A dissenting clique, a subway sect

Vic Godard made a record last year, did you notice? His first set of new songs since 2002’s Sansend, and his best since The End of the Surrey People. The artwork is so bad, it’s a puzzle: if this is what it looks like, how much care can possibly have gone into its creation? The songs are so good, though, they make the cover look like sabotage. Which might be a recurring theme: the back cover of What’s the Matter, Boy? is light years ahead of the front, for instance. This week I ordered Vic’s Blackpool EP: the cover is lovely, and a couple of well-designed postcards accompanied it. It’s not like Subway Sect have got no style, but maybe they think it’s worth more when no-one’s looking. Because no-one’s looking? Look up ‘sect’, I guess. Faction: a dissenting clique. We come as aliens. The new album is a rough ’n’ tumble state of the nation address (‘Back in the Community’, ‘Rhododendron Town’) interspersed with joyously offbeat interjections from other planets (‘That Train’, ‘Et Meme’), winding up with the Sansend recap ‘Music of a Werewolf’, which sounds more like vindication than apology. Not that Sansend is anything to apologise for (e.g. ‘Americana → Fire’ is one of Vic’s best songs), but I’m guessing its clunky beats didn’t go down well with all those old punks. A typographically obtuse note on the back of the Sexual Objects’ Cucumber reads:
"6 "WIPE YOUR TAPES WITH LIGHTNIN'%, ...Paul Reekie said that..,.
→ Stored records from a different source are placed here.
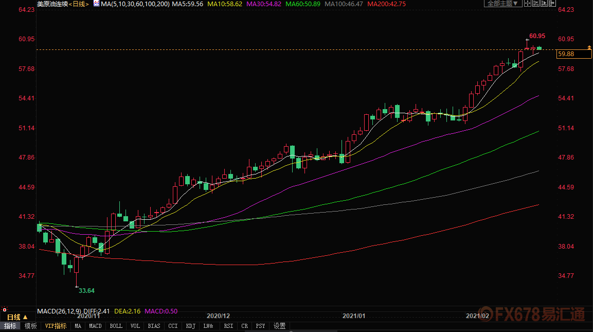 摩根大通分析师上周在一份报告中称,由于华尔街押注经济将从疫情中强劲复苏,大宗商品似乎开始了一个将持续数年的新超级周期。摩根大通的马雷克表示,油价可能会“大幅上涨”。从高盛集团(GoldmanSachsGroupInc.)到美国银行(BankofAmericaCorp.),再到Ospraie管理公司(OspraieManagementLLC),都认为大宗商品将出现牛市,因为政府刺激计划开始生效,全球各地都在部署疫苗抗击冠状病毒。这种乐观情绪已推动对冲基金对大宗商品的多头押注达到10年来最高水平。本周,美原油一度突破60美元大关,周三(2月17日),油价震荡回落至60美元下方。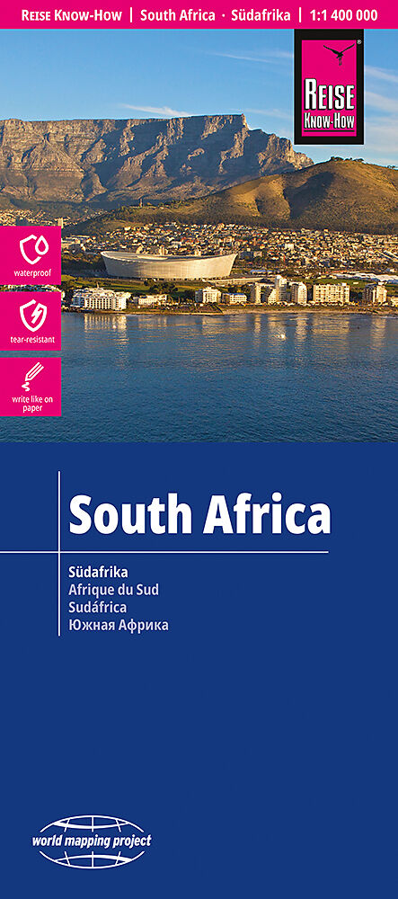 Hochreißfeste und 100% wasserfeste Landkarte Südafrika aus der Serie world mapping project. Reise Know-How Landkarten zeichnen sich durch besonders stabiles Kunststoffpapier aus, das beschreibbar ist wie Papier, sogar mit Bleistift. Der Pappumschlag ist abneh...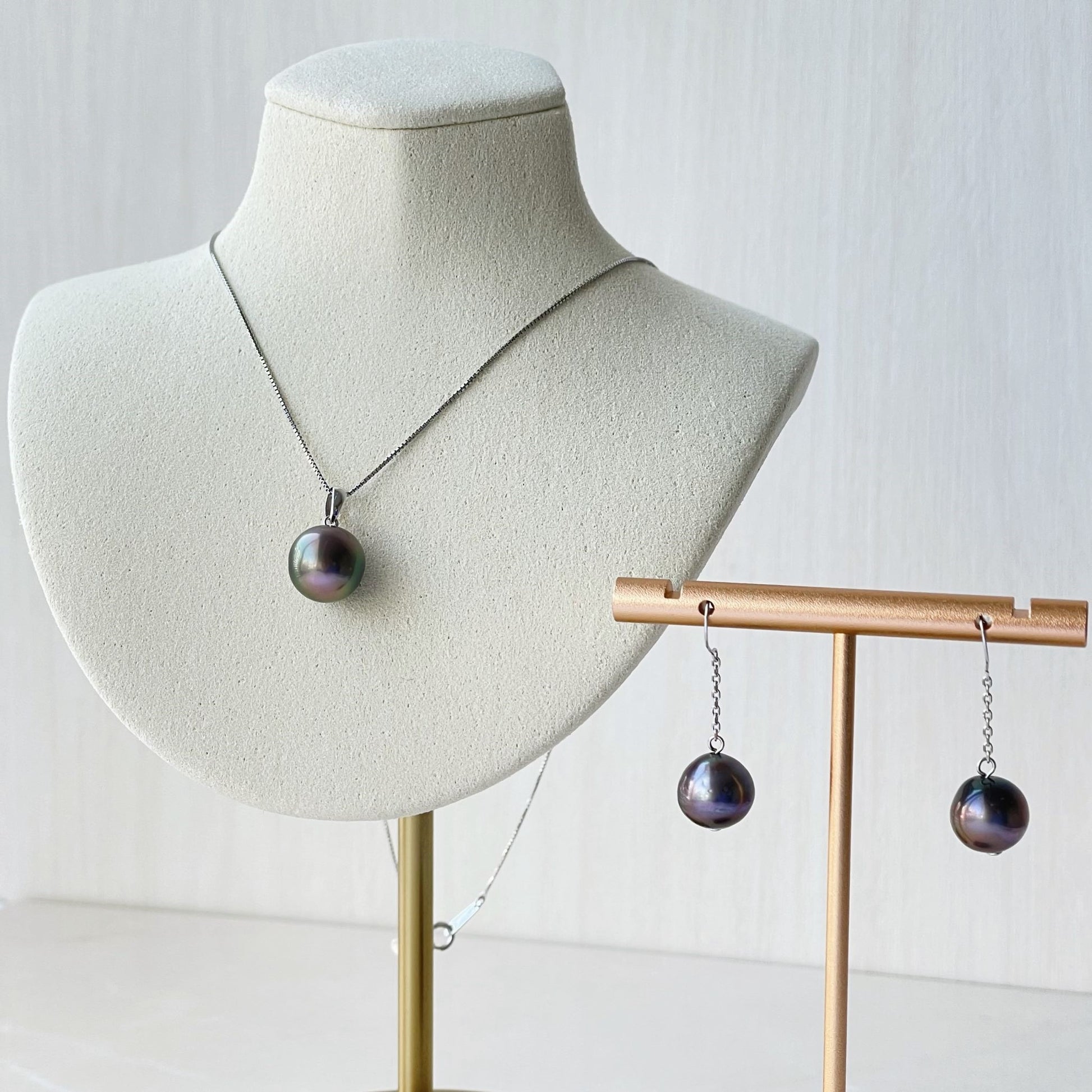 【クリスマスフェア】黒蝶パールペンダント&フックピアス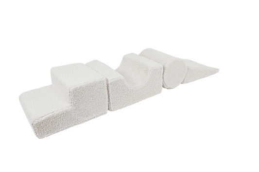 Teddy medžiagos moduliniai baldai su 5 figūromis - spalva Ecru (nebalintos drobės)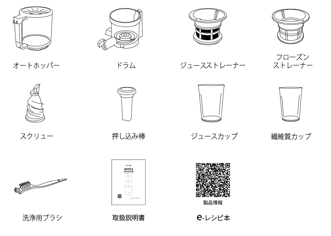 本体、ドラムセット、オートホッパー、押し込み棒、洗浄ブラシ、排出口洗浄ブラシ、分離型電源コード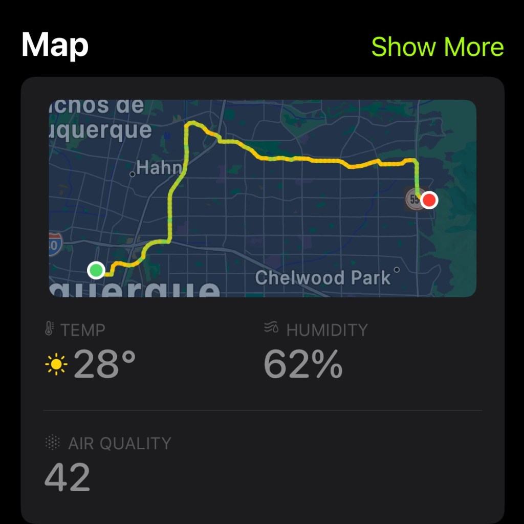 By the Arroyo del Oso Golf Course, with six miles to go, I had gained some altitude, caught a soupçon of sun, and warmed up just a bit … so much so that I began contemplating some extra-credit stupidity, to wit, leaving the pavement at Juan Tabo for the trails that wind through Bear Canyon Open Space to the Embudito trailhead.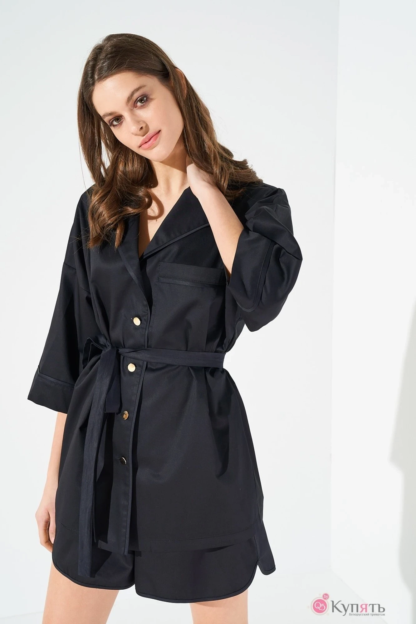 костюм женский 2- х предметный, из плательной ткани состоящий из рубашки и шорт. Рубашка с рукавом со спущенным плечом, по низу рукава манжет. Воротник пиджачного типа. Застежка центральная однобортная на 5 пуговиц . По переду рубашки карман накладной с кантом. Шорты расклешенные в боковых швах карманы, пояс на резинке.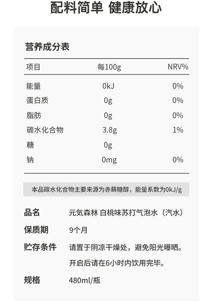 元气森林苏打气泡水白桃味480ml*15瓶/箱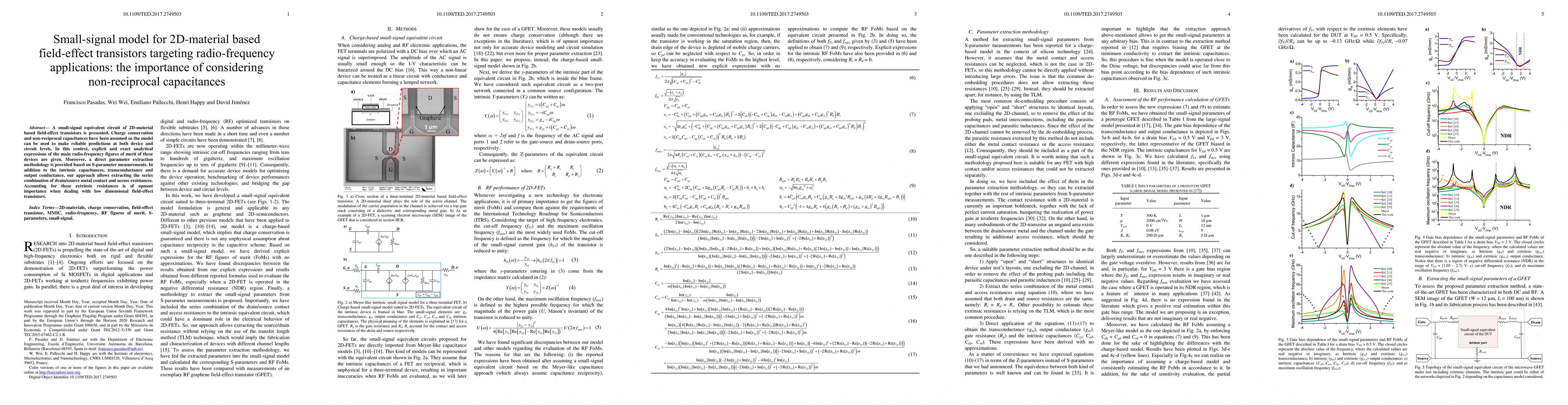 This paper presents a small-signal equivalent circuit model for 2D-material based field-effect transistors, emphasizing the importance of non-reciprocal capacitances for accurate radio-frequency predictions. It provides analytical expressions for key figures of merit and a methodology for parameter extraction from S-parameter measurements, including extrinsic resistances.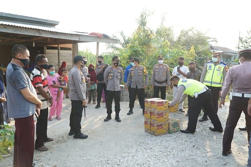 Kapolres Rohul Taufik Lukman Sambangi dan Bagikan Sembako Kepada Masyarakat Terdampak Bencana Banjir di Desa Sontang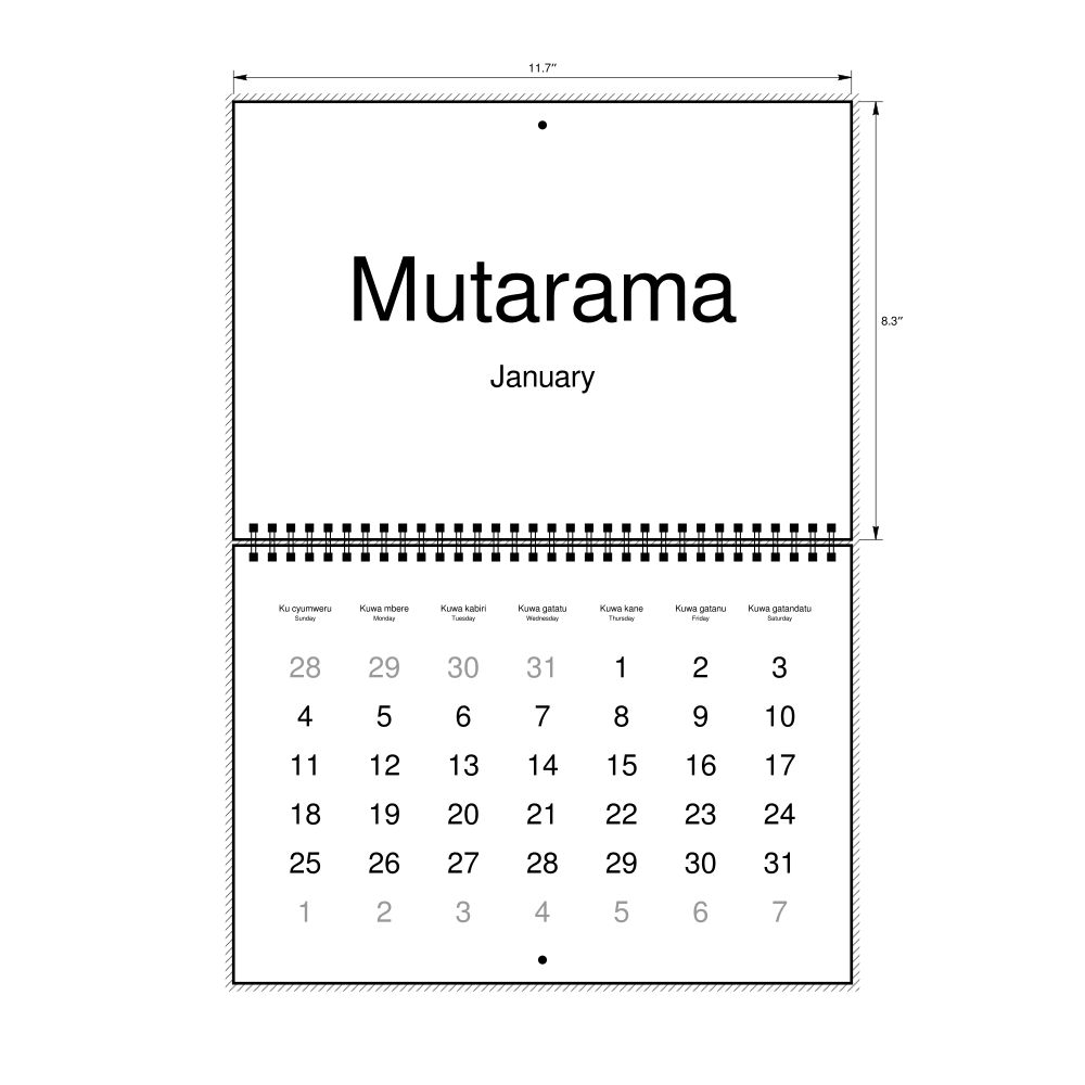 2026 Wall Calendar, Kinyarwanda-Labeled, Sunday-Start Layout, Wire-Bound, 11.7 x 8.3 in (29.7 x 21.0 cm)

Maybe that is a tribute (Reekie died last year), or perhaps it takes in the Sect too, because another note quotes ‘Stool Pigeon’:
WE CAN STILL PICNIC
we can still picnic
It also turns out that Reekie’s is the Scottish voice running through Sansend, conjuring up in a few brief clips some kind of radical hard as nails poetry discussion in the pub group. A dissenting clique, a subway sect. The kind of thing Hugh MacDiarmid probably went in for.

What I am getting at is this: Vic Godard and Subway Sect play Dundee at Dexter’s, Castle Street on 13th March. Doors 7:30PM, tickets from Groucho’s. Spectorbullets are supporting, and a couple of plays of their album suggests they are very much worth turning up for too.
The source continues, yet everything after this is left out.